From: John Snow <jsnow@redhat.com>
To: Peter Lieven <pl@kamp.de>, Kevin Wolf <kwolf@redhat.com>
Cc: stefanha@gmail.com, jcody@redhat.com, qemu-devel@nongnu.org,
qemu-block@nongnu.org
Subject: Re: [Qemu-devel] [PATCH 1/5] ide/atapi: make PIO read requests async
Date: Tue, 6 Oct 2015 13:07:09 -0400 [thread overview]
Message-ID: <5613FFBD.4080907@redhat.com> (raw)

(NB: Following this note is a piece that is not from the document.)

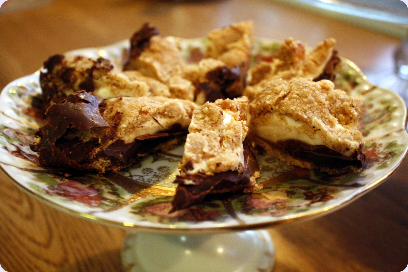 Evntuelt lage porsjons kaker. 2 kjeks 1-2 marshmallow og 1-2 ruter sjokolade.

In-Reply-To: <56139278.2090002@kamp.de>
On 10/06/2015 05:20 AM, Peter Lieven wrote:
> Am 06.10.2015 um 10:57 schrieb Kevin Wolf:
>> Am 05.10.2015 um 23:15 hat John Snow geschrieben:
>>>
>>> On 09/21/2015 08:25 AM, Peter Lieven wrote:
>>>> PIO read requests on the ATAPI interface used to be sync blk requests.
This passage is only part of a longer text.